▼

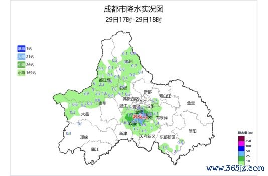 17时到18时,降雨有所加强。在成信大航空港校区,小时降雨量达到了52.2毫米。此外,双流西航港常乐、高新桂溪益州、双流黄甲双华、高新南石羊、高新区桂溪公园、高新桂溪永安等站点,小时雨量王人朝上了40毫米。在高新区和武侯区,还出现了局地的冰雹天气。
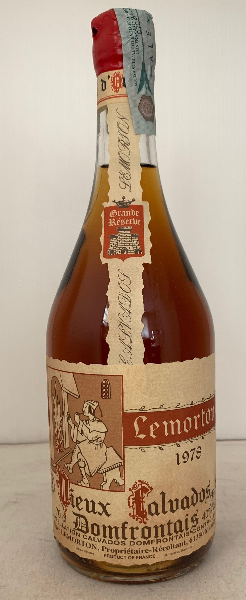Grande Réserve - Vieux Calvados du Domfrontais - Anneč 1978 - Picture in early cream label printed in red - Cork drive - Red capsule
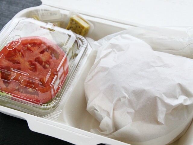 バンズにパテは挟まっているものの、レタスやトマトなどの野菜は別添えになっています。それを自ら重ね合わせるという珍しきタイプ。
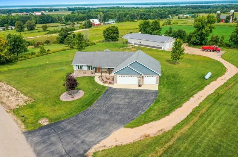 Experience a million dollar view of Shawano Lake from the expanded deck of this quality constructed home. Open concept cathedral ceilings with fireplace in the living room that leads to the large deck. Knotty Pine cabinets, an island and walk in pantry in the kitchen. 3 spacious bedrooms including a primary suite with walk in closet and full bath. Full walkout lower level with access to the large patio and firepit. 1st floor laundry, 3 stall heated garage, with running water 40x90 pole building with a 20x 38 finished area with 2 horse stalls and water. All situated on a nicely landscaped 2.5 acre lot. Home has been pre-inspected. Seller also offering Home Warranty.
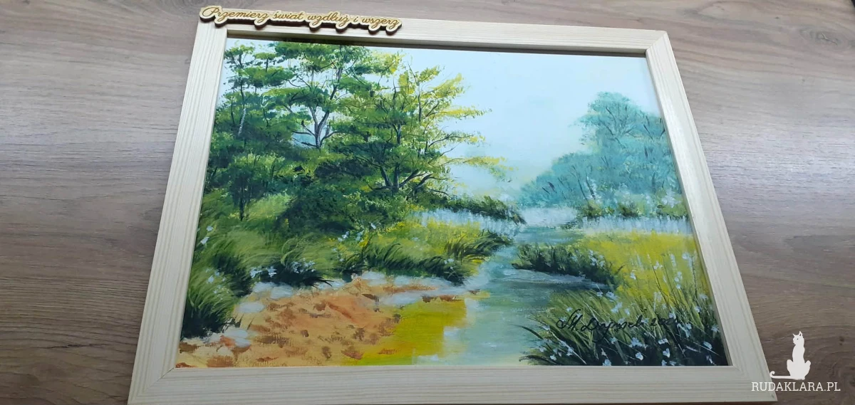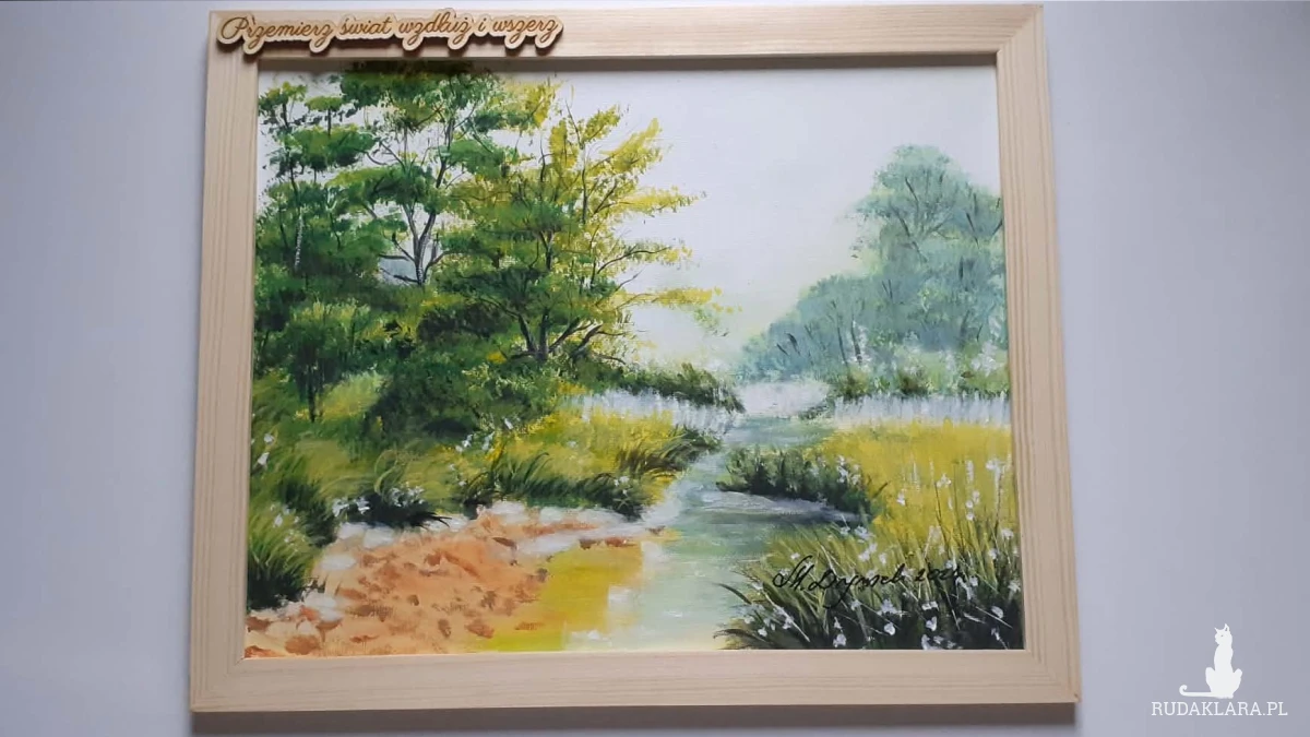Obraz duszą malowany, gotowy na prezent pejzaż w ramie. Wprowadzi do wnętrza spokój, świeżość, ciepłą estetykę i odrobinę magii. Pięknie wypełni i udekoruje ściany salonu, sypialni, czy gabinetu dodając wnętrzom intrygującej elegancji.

▲
▼

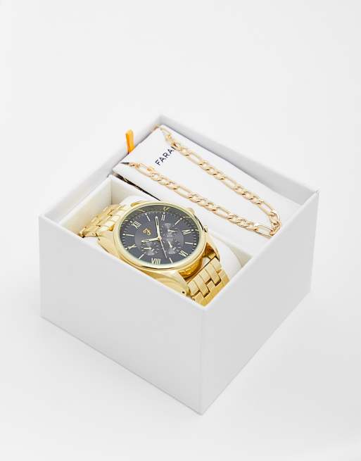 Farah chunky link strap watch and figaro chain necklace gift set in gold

▲

WORK INSTRUCTIONS: In the listing above, find the line with "バンズにパテは挟まっているも" and the line with "Obraz duszą malowany, gotowy". Copy both of them and every line between, exactly, but not the pictures.

TASK RESULT:
 バンズにパテは挟まっているものの、レタスやトマトなどの野菜は別添えになっています。それを自ら重ね合わせるという珍しきタイプ。
 Experience a million dollar view of Shawano Lake from the expanded deck of this quality constructed home. Open concept cathedral ceilings with fireplace in the living room that leads to the large deck. Knotty Pine cabinets, an island and walk in pantry in the kitchen. 3 spacious bedrooms including a primary suite with walk in closet and full bath. Full walkout lower level with access to the large patio and firepit. 1st floor laundry, 3 stall heated garage, with running water 40x90 pole building with a 20x 38 finished area with 2 horse stalls and water. All situated on a nicely landscaped 2.5 acre lot. Home has been pre-inspected. Seller also offering Home Warranty.
Obraz duszą malowany, gotowy na prezent pejzaż w ramie. Wprowadzi do wnętrza spokój, świeżość, ciepłą estetykę i odrobinę magii. Pięknie wypełni i udekoruje ściany salonu, sypialni, czy gabinetu dodając wnętrzom intrygującej elegancji.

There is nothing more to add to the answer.